PROMPT: Every line of the data below should be repeated exactly, and no picture should be copied.

WORKING DATA below:

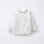 - Uzun kollu, bebe yaka gömlek. Önü düğme iliklemeli. Göğüste dantel kumaşlı yama cep.
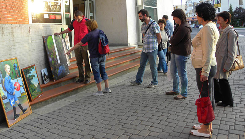 Rendhagyó módon zárult Herédi-Szabó Tibor és Haránt Ervin közös kiállítása a gyulai posta előtt ma délután. A tárlat két hete nyílt a Postagalériában, ahol a két gyulai születésű főiskolai hallgató festményeit, illetve grafikai munkáit mutatta meg a nagyközönségnek.
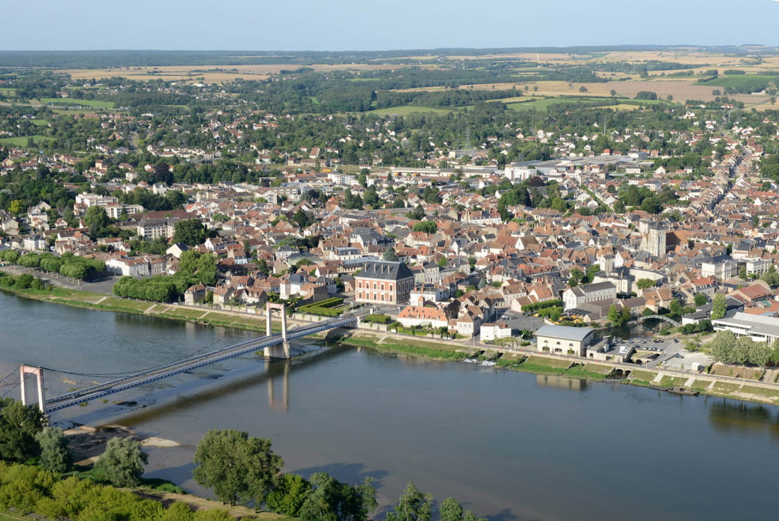 Première étape : L’aéroclub de Cosne-Cours-sur-Loire pour faire voler et rêver votre moitié en partageant à 2 un magnifique baptême de l’air au dessus des vignes et de la Loire sauvage.
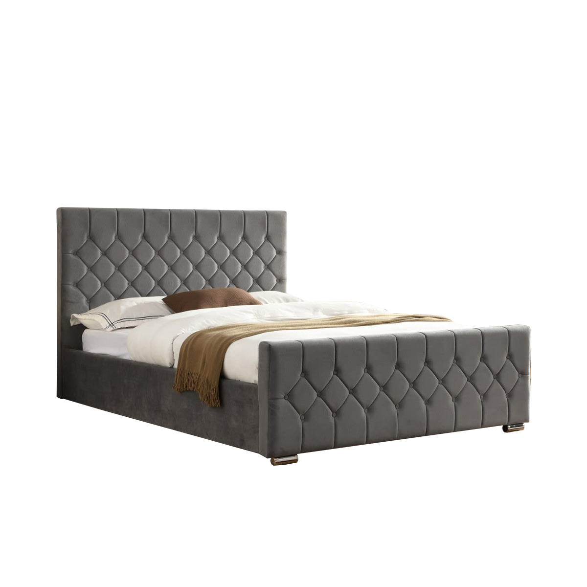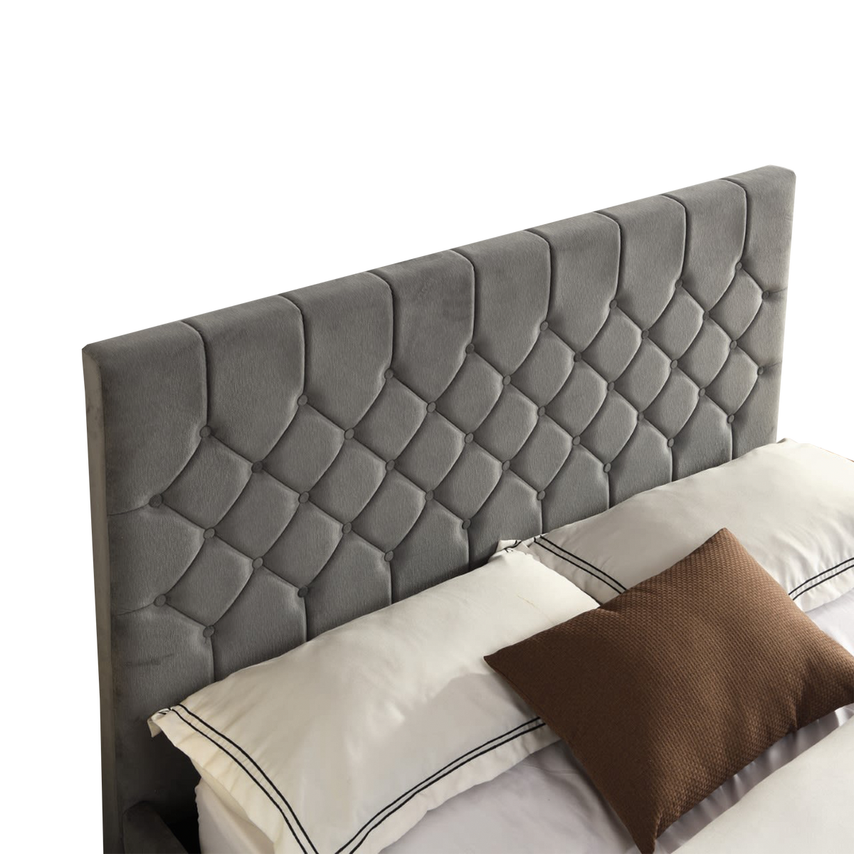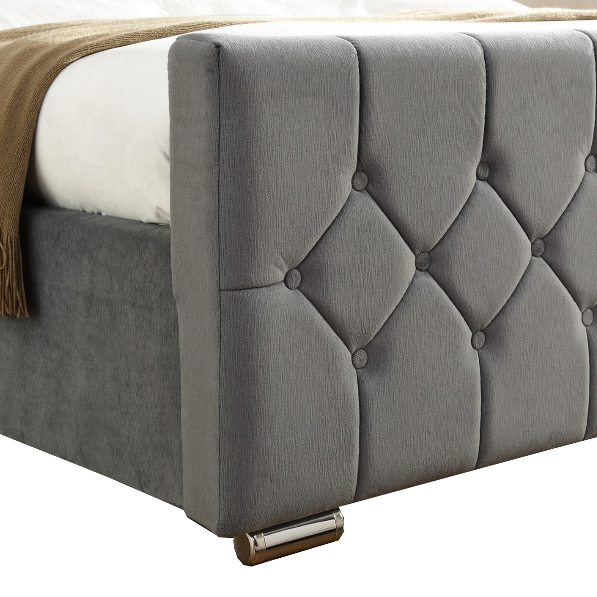 Upholstered in soft, high-quality chenille fabric the Gemma Bedframe provides a soft, plush feel. The headboard and footboard are adorned with a sophisticated diamond-stitched design and feature a button-tufted back headboard, adding a touch of luxury to your room.
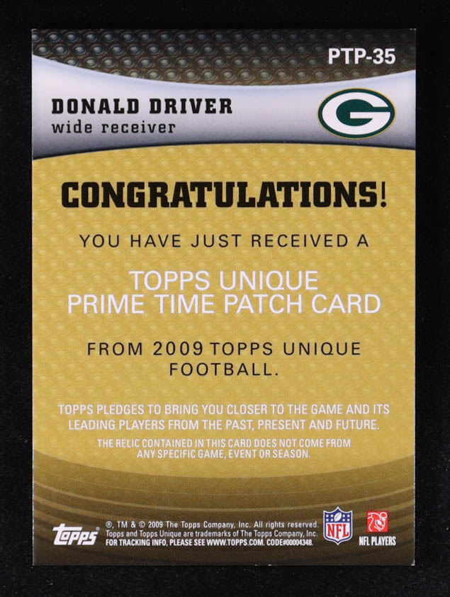 Donald Driver 2009 Topps Unique Prime Time Patches Relic Game-Worn #PTP-35 #60/75
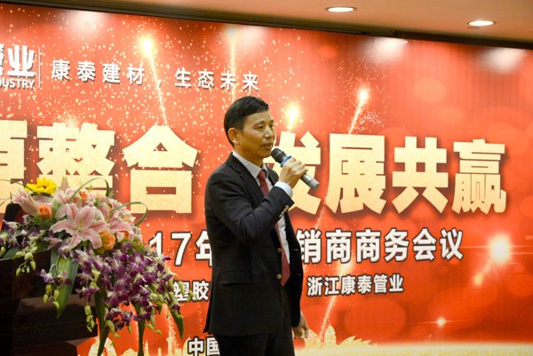 ? ? ? ?林總裁在講話中圍繞2025智能制造、智能化的不斷發(fā)展,以及傳統(tǒng)制造企業(yè)面臨的挑戰(zhàn)等話題,從中國(guó)經(jīng)濟(jì)新常態(tài)和轉(zhuǎn)型升級(jí)的大背景、大環(huán)境,重點(diǎn)回顧了康泰集團(tuán)2016年的取得的成績(jī)、涌現(xiàn)的亮點(diǎn),總結(jié)分析了經(jīng)銷商存在的不足。林總裁表示,2016年度,在市場(chǎng)需求量下滑的情況下,康泰集團(tuán)準(zhǔn)確清晰的實(shí)施穩(wěn)定民建、發(fā)展市政等舉措,積極應(yīng)對(duì)市場(chǎng)挑戰(zhàn)與洗牌,全年基本完成經(jīng)營(yíng)目標(biāo)。為穩(wěn)定民建、發(fā)展市政,資源儲(chǔ)備等后續(xù)發(fā)展打下了良好基礎(chǔ)。林總裁強(qiáng)調(diào),雖然我們?nèi)〉昧艘恍┏煽?jī),但也要認(rèn)識(shí)到自身存在的不足。比如,母子公司資源共享、業(yè)務(wù)挖掘、做寬做深不夠、產(chǎn)品質(zhì)量細(xì)節(jié)提升與保障不足、產(chǎn)品研發(fā)的市場(chǎng)化應(yīng)用性不足、經(jīng)銷商思維轉(zhuǎn)型等問(wèn)題都需要引起重視。2017 是機(jī)遇與挑戰(zhàn)并存的一年,也是大有可為的一年。本次會(huì)議不僅進(jìn)一步向全體經(jīng)銷商傳遞了康泰集團(tuán)的戰(zhàn)略和營(yíng)銷方針,而且也為大家來(lái)年的發(fā)展明確了目標(biāo),指明了方向。
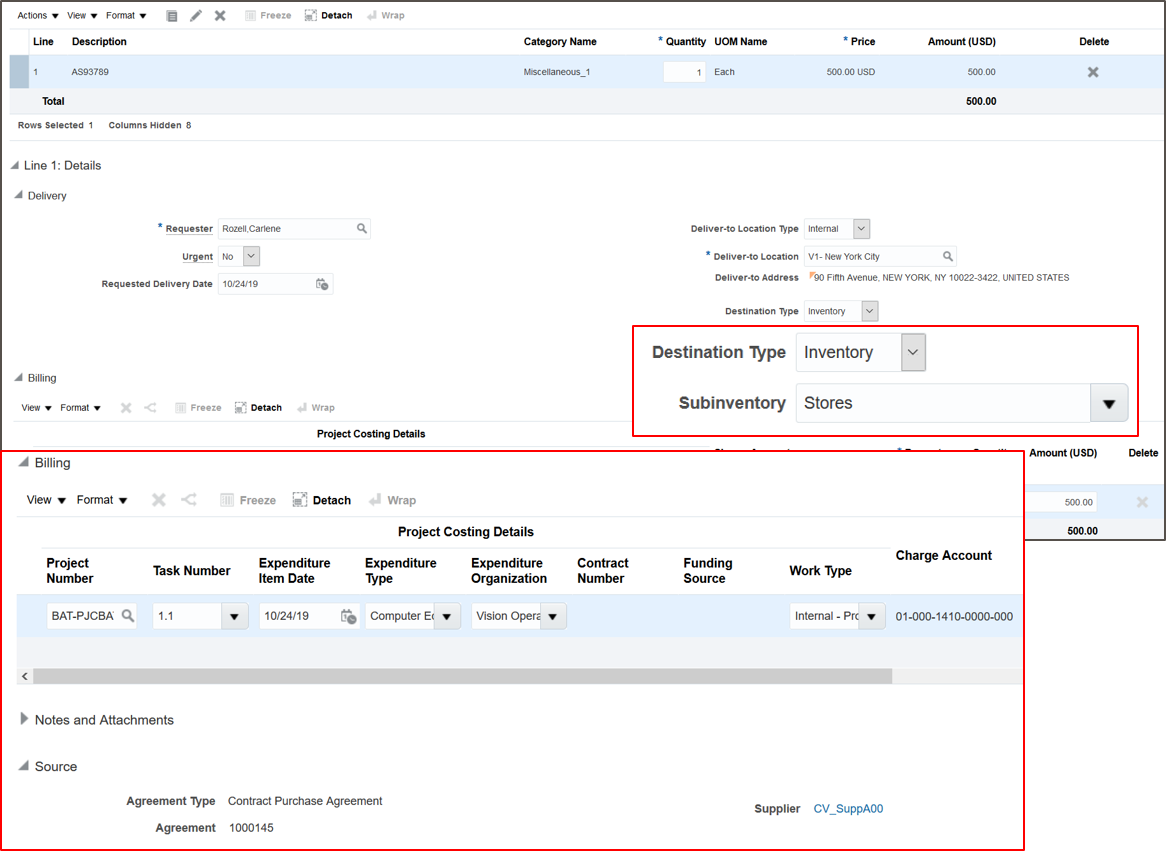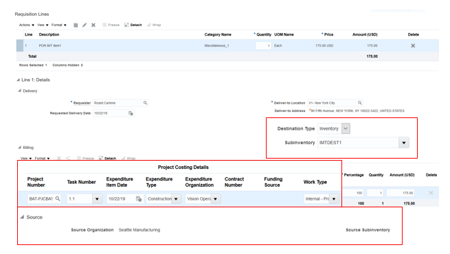 - Create and approve requisitions to purchase material to an inventory destination for a project
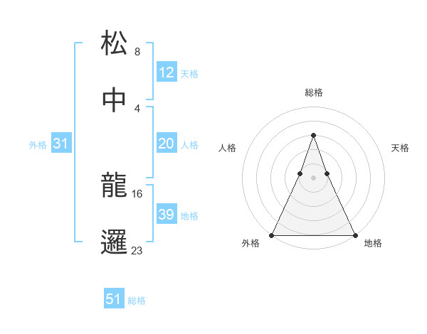 松中 龍邏さんの外格は31画の5点!

End of WORKING DATA.

ANSWER:
 - Uzun kollu, bebe yaka gömlek. Önü düğme iliklemeli. Göğüste dantel kumaşlı yama cep.
 Rendhagyó módon zárult Herédi-Szabó Tibor és Haránt Ervin közös kiállítása a gyulai posta előtt ma délután. A tárlat két hete nyílt a Postagalériában, ahol a két gyulai születésű főiskolai hallgató festményeit, illetve grafikai munkáit mutatta meg a nagyközönségnek.
 Première étape : L’aéroclub de Cosne-Cours-sur-Loire pour faire voler et rêver votre moitié en partageant à 2 un magnifique baptême de l’air au dessus des vignes et de la Loire sauvage.
 Upholstered in soft, high-quality chenille fabric the Gemma Bedframe provides a soft, plush feel. The headboard and footboard are adorned with a sophisticated diamond-stitched design and feature a button-tufted back headboard, adding a touch of luxury to your room.
 Donald Driver 2009 Topps Unique Prime Time Patches Relic Game-Worn #PTP-35 #60/75
 ? ? ? ?林總裁在講話中圍繞2025智能制造、智能化的不斷發(fā)展,以及傳統(tǒng)制造企業(yè)面臨的挑戰(zhàn)等話題,從中國(guó)經(jīng)濟(jì)新常態(tài)和轉(zhuǎn)型升級(jí)的大背景、大環(huán)境,重點(diǎn)回顧了康泰集團(tuán)2016年的取得的成績(jī)、涌現(xiàn)的亮點(diǎn),總結(jié)分析了經(jīng)銷商存在的不足。林總裁表示,2016年度,在市場(chǎng)需求量下滑的情況下,康泰集團(tuán)準(zhǔn)確清晰的實(shí)施穩(wěn)定民建、發(fā)展市政等舉措,積極應(yīng)對(duì)市場(chǎng)挑戰(zhàn)與洗牌,全年基本完成經(jīng)營(yíng)目標(biāo)。為穩(wěn)定民建、發(fā)展市政,資源儲(chǔ)備等后續(xù)發(fā)展打下了良好基礎(chǔ)。林總裁強(qiáng)調(diào),雖然我們?nèi)〉昧艘恍┏煽?jī),但也要認(rèn)識(shí)到自身存在的不足。比如,母子公司資源共享、業(yè)務(wù)挖掘、做寬做深不夠、產(chǎn)品質(zhì)量細(xì)節(jié)提升與保障不足、產(chǎn)品研發(fā)的市場(chǎng)化應(yīng)用性不足、經(jīng)銷商思維轉(zhuǎn)型等問(wèn)題都需要引起重視。2017 是機(jī)遇與挑戰(zhàn)并存的一年,也是大有可為的一年。本次會(huì)議不僅進(jìn)一步向全體經(jīng)銷商傳遞了康泰集團(tuán)的戰(zhàn)略和營(yíng)銷方針,而且也為大家來(lái)年的發(fā)展明確了目標(biāo),指明了方向。
 - Create and approve requisitions to purchase material to an inventory destination for a project
 松中 龍邏さんの外格は31画の5点!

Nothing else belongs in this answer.